Thinking ahead to private sector use of C-UAS, DHS also must conduct an assessment on the threat from UAS to critical infrastructure and large domestic airports that will include assessing the current resources available to private and state-owned critical infrastructure and large domestic airports.

As noted, the new law also makes changes to the current rules and processes governing private and commercial drone use, which in the security field has seen a steady rise. While the global market for commercial drone use is currently worth $2B, a 2016 PwC report predicts that number will rise to $127B by 2020, with security set to account for $10B worth of the market behind only infrastructure, agriculture and transportation.  

There are many uses for drones related to security. They can be used to conduct facility risk and damage assessments; monitor perimeters, parking lots, prisons, college campuses, stadiums and other outdoor venues (at night with a thermal imaging camera); to conduct inspections and to assist in executive and convoy security (especially in remote/hostile locations). They also can be used to monitor and secure remote assets, to provide emergency relief, and can be equipped with audio and video sensors. An additional benefit from the use of drones is the potential to reduce overall security operations costs.
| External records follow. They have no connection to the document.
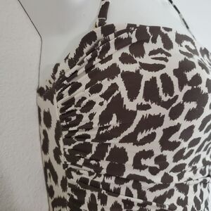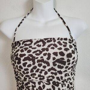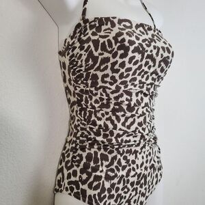 J Crew women's one piece swimsuit in Leopard print - bandeau style top, side ruched, built in bra with side boning, removable pads, halter removable strap and lined. Brown and white.
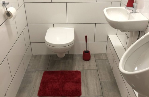 Gästehaus AlbTraum, an old farmhouse completely renovated in 2019 with two apartments and three guest rooms, welcomes its guests in the heart of the Swabian Alb. The apartment on the ground floor (96sqm) has two bedrooms with double beds, flat screen TV, desk, fully equipped kitchen and large living / dining area with additional flat screen TV, bathroom and extra toilet. On the ground floor there is a laundry room with washing machine, dryer, ironing board and iron, which is accessible from the outside for all parties.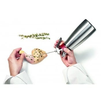 Dies sind Injektionsnadeln von iSi und ihre Siphons. Sie sind aus 100% rostfreiem Stahl 18/10 hergestellt und eignen sich zum Füllen von Gebäck oder Lebensmitteln, zum Einspritzen von Brühe und Aromen in Fleisch und Geflügel und für saubere, präzise Präsentationen.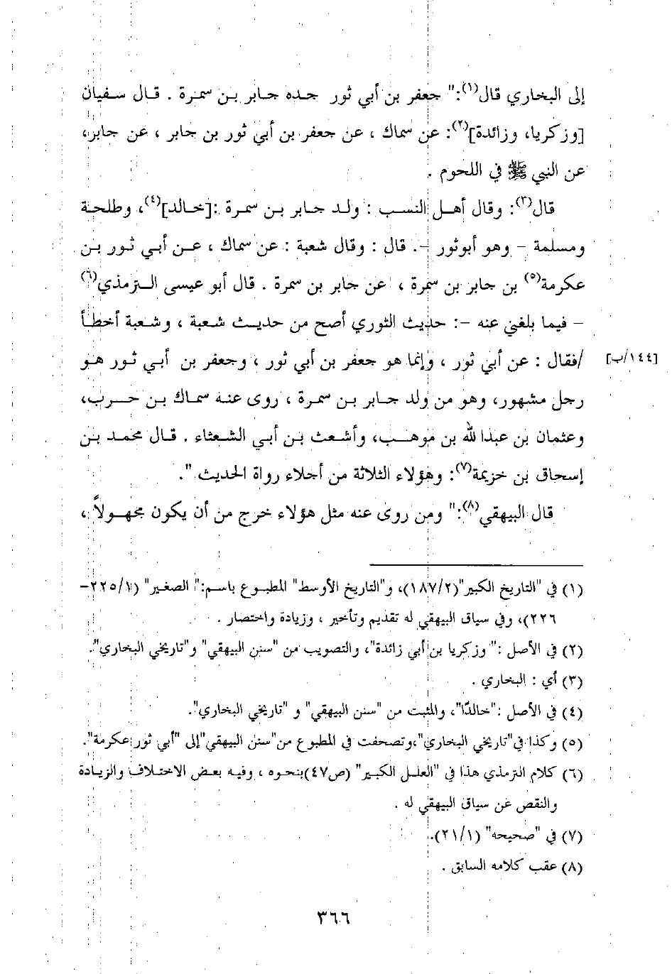 إلى البخاري قال: "جعفر بن أبي ثور جده جابر بن سمرة. قال سفيان [وزكريا، وزائدة]: عن سماك، عن جعفر بن أبي ثور بن جابر، عن جابر، عن النبي صلى الله عليه وسلم في اللحوم.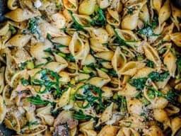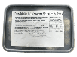 Fresh conchiglie pasta mixed with mushrooms, spinach and green peas cooked in extra virgin olive oil. Artisanally made in Sydney. Use within 3 days. Only suitable for Wed/Thu delivery.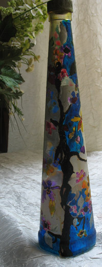 Бутылка "Яблони в цвету" (Техника оформления: краски для стекла) |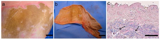 Macroscopic pictures and morphology of human eschar tissue. (a) Eschar tissue on patient; (b) Eschar after tangential excision; (c) Eschar at interface of non-viable and viable tissue from which acellular Burn Wound Extract (BWE) is derived (see Materials and Methods); hematoxylin and eosin staining showing the absence of epidermis; small, rounded cells are present in the lower levels of the dermis (areas with blue nuclei; see arrows). Scale bar = 1 cm (a,b) or 200 µm (c).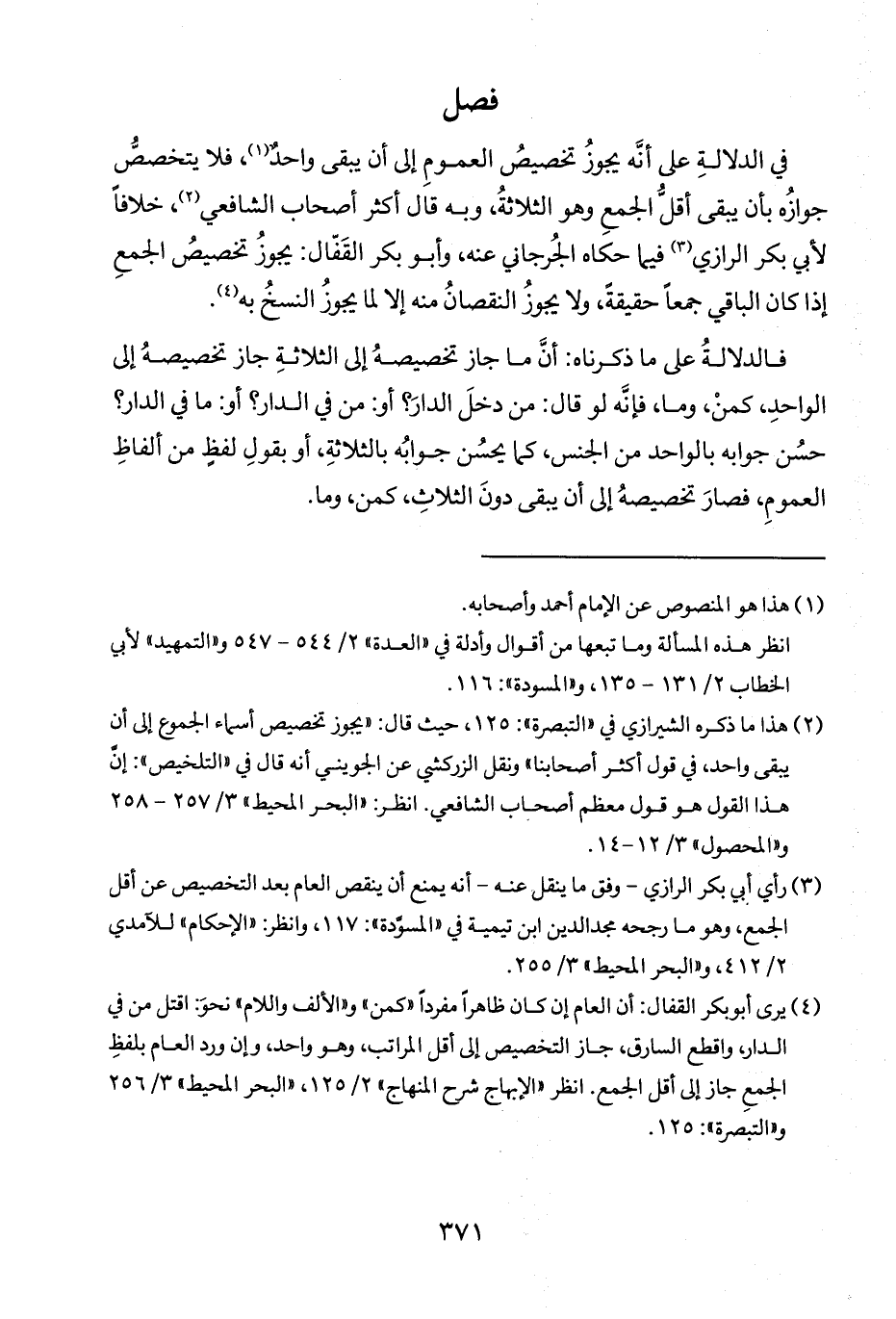 (٣) رأي أبي بكر الرازي -وفق ما ينقل عنه- أنه يمنع أن ينقص العام بعد التخصيص عن أقل الجمع، وهو ما رجحه مجد الدين ابن تيمية في "المسوَّدة": ١١٧، وانظر "الإحكام" للآمدي ٢/ ٤١٢، و"البحر المحيط" ٣/ ٢٥٥.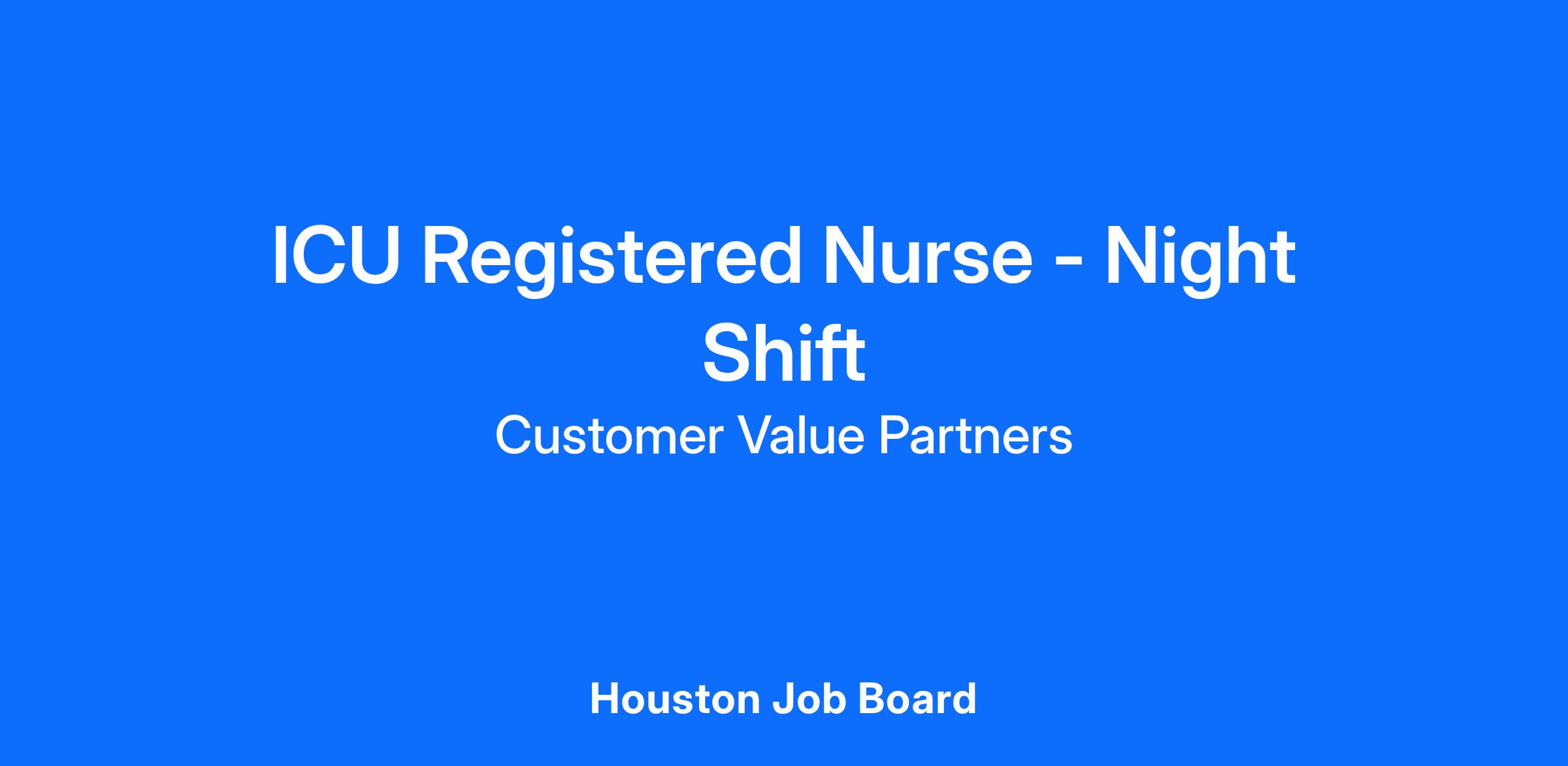 CVP seeks a Registered Nurse to join our team in providing overnight nursing services for our Nation's Veterans at the Michael E. DeBakey VA Medical Center (MEDVAMC) in Houston, TX. This is an exciting opportunity to serve those who have served us while working in a variety of specialty units including Surgical Intensive Care Unit, Medical Intensive Care Unit, Cardiac Care Unit, Emergency Room, Medical/Surgical Units, Stepdown Unit, Spinal Cord Injury Unit, and Extended Care Unit. Night shift hours are 1930 to 0800.

In order for a company to use drones commercially for security purposes, it must follow the FAA’s restrictive operational rules, known as “Part 107”, that went into effect in 2016. Some of these restrictions include stating that drones cannot fly over people, they must be operated in a visual line of sight, they can only be used during daylight hours and must fly below 400 feet. These rules are not very conducive to many security and other applications for drones, especially the line of sight requirement.  To operate a UAS for commercial purposes outside of the Part 107 rules, one needs to obtain a FAA certificate of waiver. The FAA states that it will issue waivers to certain requirements of Part 107 if an applicant demonstrates they can fly safely under the waiver without endangering people or property on the ground or in the air.
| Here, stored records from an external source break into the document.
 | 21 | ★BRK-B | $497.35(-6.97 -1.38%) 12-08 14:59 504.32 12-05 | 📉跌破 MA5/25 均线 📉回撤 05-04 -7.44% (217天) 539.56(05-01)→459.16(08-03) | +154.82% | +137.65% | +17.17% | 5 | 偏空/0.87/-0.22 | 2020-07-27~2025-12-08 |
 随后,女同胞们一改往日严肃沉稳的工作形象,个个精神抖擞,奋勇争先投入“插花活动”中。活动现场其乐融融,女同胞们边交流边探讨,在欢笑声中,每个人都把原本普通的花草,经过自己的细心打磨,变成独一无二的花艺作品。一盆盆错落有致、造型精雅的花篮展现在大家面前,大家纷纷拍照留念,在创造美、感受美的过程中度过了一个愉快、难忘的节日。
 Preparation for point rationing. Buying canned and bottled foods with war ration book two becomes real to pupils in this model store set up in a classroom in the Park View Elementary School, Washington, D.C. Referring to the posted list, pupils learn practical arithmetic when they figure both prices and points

However, a June 2018 congressionally mandated report by National Academy of Sciences found that “an overly conservative approach to safety risk assessments at the FAA...which tends to overestimate the severity and likelihood of risks from many types of drone operations, can be a significant barrier to introduction and development of this emerging and rapidly changing technology.” Thus, “drone operations in the United States that have the potential of providing safety benefits have been prevented from entering the airspace because of FAA’s application of safety risk assessment techniques, developed over many years for manned aviation, which require evidence of a near-zero tolerance for risk.” A 2018 study found that only 15% of all waivers have been granted and just over 1% of all applications for a waiver to fly beyond line of sight or to fly over people have been approved. The vast majority of the 15% of waivers granted were for nighttime operations (a 37% approval rate). In addition, the waiver process has been plagued by a lack of transparency and delays.     
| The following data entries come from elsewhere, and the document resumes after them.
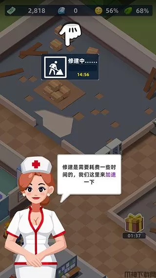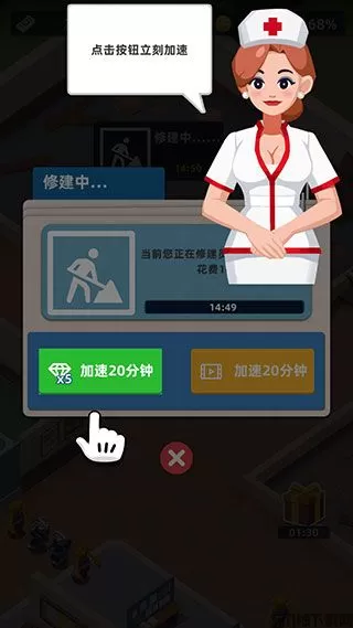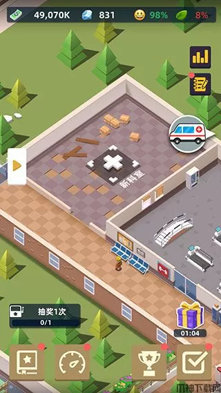 5、以轻松放置为主题的经营游戏,经营自己的医院,招聘了很多员工。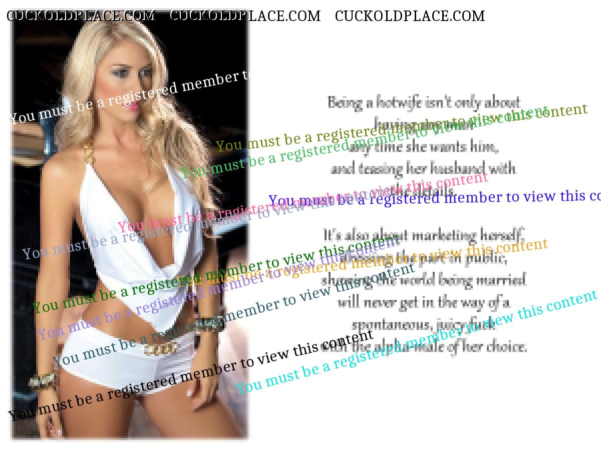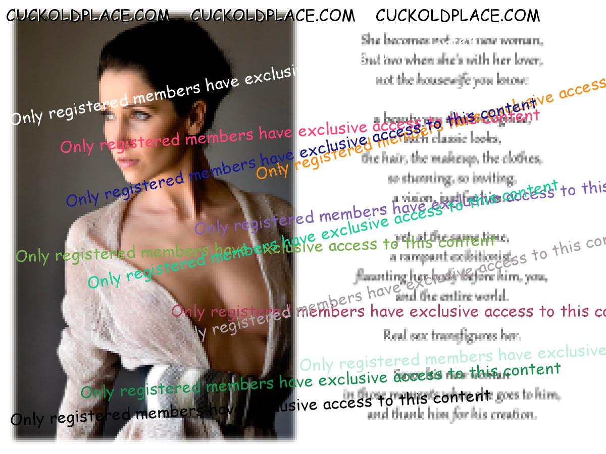 If she fucks hubby's tormentor is there any doubt he'll crow over his conquest to humiliate hubby further and spread news of the cuckolding? She knows this and it's a wonderful turn-on for her. Hubby wanted her to fuck other men. No real man would ask that so hubby's not a real man. Women desire men who will never share them so to punish hubby she seeks out those who he fears. The ultimate irony is that her lovers will want her exclusively whether or not they continue to fuck their own wives or girlfriends. The lover will want her not to fuck hubby, or even not to see her nude while she'll give herself to her lover any way, any time, anywhere.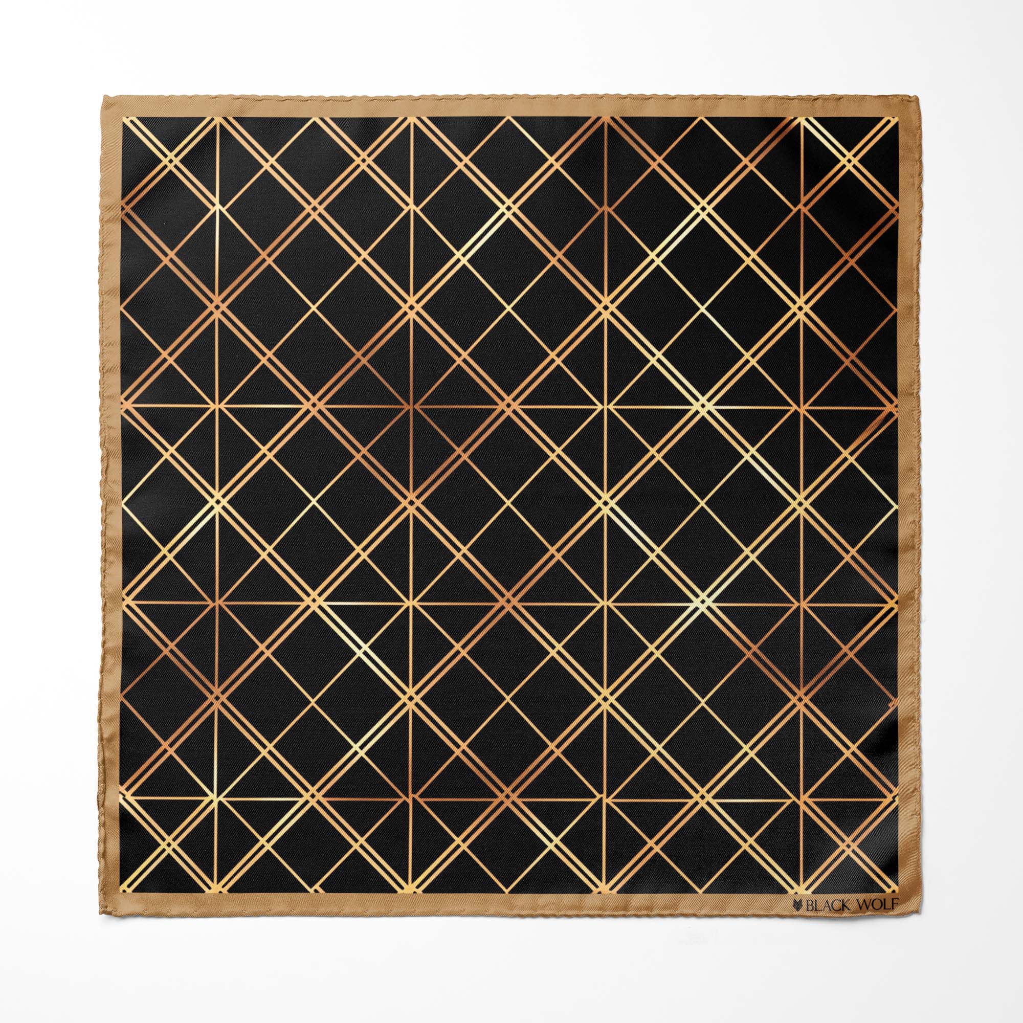 Pocket square is inspired by classic patterns, exudes sophistication and versatility. Its geometric design features intersecting diagonal lines in gold and bronze on a black background, framed by a solid bronze border.

The new law addresses the waiver process by requiring the FAA to publish on its website a representative sample of the safety justifications used to get small unmanned aircraft waivers. The FAA also must revise the waiver process to provide real-time confirmation that an application has been received and confirm the status of the application. The FAA will also be required to ensure that unmanned aircraft can be used to quickly and efficiently respond to disasters or other emergencies.   These changes to the waiver process combined with a current FAA program called the Integration Pilot Program, which involves government and private sector entities teaming up on drone use projects to better enable the FAA to understand and more smartly regulate night operations, flights over people and beyond the pilot's line of sight, package delivery and detect-and-avoid technologies, should accelerate the greater and more complex use of commercial drones.